I had the same issue after following the upgrade instructions from laravel 5.1.x to 5.1.11. I have created a fresh Laravel install with laravel new [projectname] and merged the /vendor directory with my existing directory. I know it is a workaround but it did the job.

Btw, I found this thread where they suggested to upgrade to 5.1.12.

http://laravel.io/forum/08-31-2015-something-is-wrong-with-the-new-authorization-system?page=1

@ovvessem , thank you. I solved the issue by just rerunning composer update. It seems that the problem was that I first did the upgrade guide and then did "composer update".

Nice. It seems this is the number one question here too. Something most sites need, yet hard for new people to grasp (was for me too) as it is an advanced subject arguably but required like I said for most sites.

Just added this to my new app, great work!

Awesome. I just upgraded my project.

It also appears to be very flexible and readily adaptable as an authorization layer for a token based authentication system (JWT) with no fuss whatsoever.

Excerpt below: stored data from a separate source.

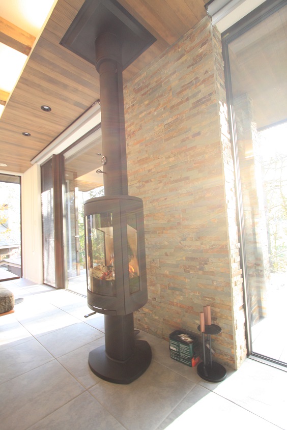木漏れ日が差し込む気持ちのいい日に試験焚きを行いました。窓と窓の間の壁に置かれたF373ADV、とても絵になります。大きな窓からの景色も素敵なS様邸。ストーブがあれば暖かく、ロールスクリーンを全開にして思う存分お庭を眺めることができますね。心地の良い空間でした。
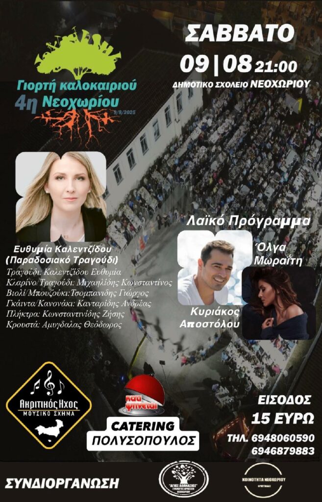 Ο Σύλλογος Δράσεων Νεοχωρίου «ΑΓΙΟΣ ΑΘΑΝΑΣΙΟΣ» διοργανώνει την 4η Γιορτή Καλοκαιριού Νεοχωρίου το Σάββατο 9 Αυγούστου 2025 και ώρα 21:00 το βράδυ στην αυλή του Δημοτικου Σχολείου Νεοχωρίου .
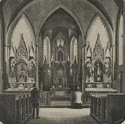 Интерьер постройки имеет симметричную композицию. Центральный неф и апсида перекрыты цилиндрическими сводами с распалубкой. В нартексе — крестовый свод. Внутренняя поверхность стен декорирована пилястрами и карнизами. Окна декорированы орнаментальными витражами[4].
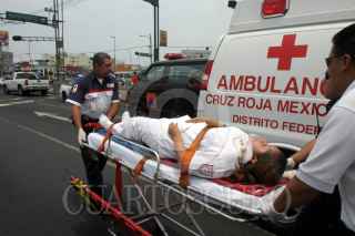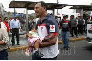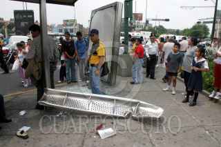 MÉXICO, D.F., 26ABRIL2007.- Un auto compacto atropelló alrededor de diez personas entre ellos menores de edad que esperaban el trasporte publico en un parabus sobre las avenidas paseo de la reforma y eje1 norte, el responsablefue detenido por elementos de la SSP. FOTO: PEDRO MARRUFO/CUARTOSCURO.COM
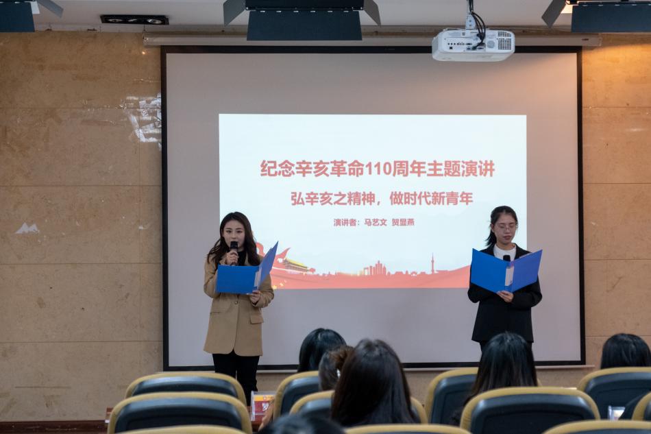 为深入学习贯彻习近平总书记在纪念辛亥革命110周年大会上的重要讲话精神,培养管理学院研究生学子服务国家服务人民的社会责任感,11月10号下午,管理学院研究生“弘扬革命先驱精神,共筑民族复兴伟业”主题演讲比赛在我校东校区致远楼三楼报告厅举行。管理学院党委副书记洪影秋出席活动,院研究生科科长徐兰、辅导员罗敬以及研团委、三助中心等校级组织学生代表参与此次活动并担任评委。活动由2021级管理科学与工程硕士研究生胡玲玲、吴冠熊主持。

laravel 5.11 authorization! is it role based? Does this mean I can get rid of third-party packages like entrust completely?

@hardsshah with some effort probably yes. However most of the RBAC packages offer more than just access control based on role and permission. You would need to create your own roles, permissions, role_user, permission_role etc tables. Also they normally offer some roles/permissions inheritage system, levels of roles etc.... This is not offered by this update. Only building blocks for making such system much more easily on your own now.

Thanks @janareit

Now we need an opt in role based system out of the box and we are good to go! The upside of this is that Jeffrey will cover it on Laracasts (Yeah I know that we have a lesson called Users And Roles) so more people will have a chance to learn more because it will be official.

I think it getting conflict with Entrust package!!

When I follow upgrade guide to 5.1.11, after done, app stop working, and on hhvm log, I found this:

Fatal error: Method 'can' declared in multiple traits in /var/www/html/app/User.php on line 15

If I either remove Authenticatable or EntrustUserTrait, it start working again, this is really messy, since I been using Entrust and want to slowly move to native acl in laravel, but not this..

P/S: for now I will just comment Authorizable, looking for a way to fix this :)

@kocoten1992 I solved this exact thing today... by uninstalling Entrust :) The switch was very quick and painless.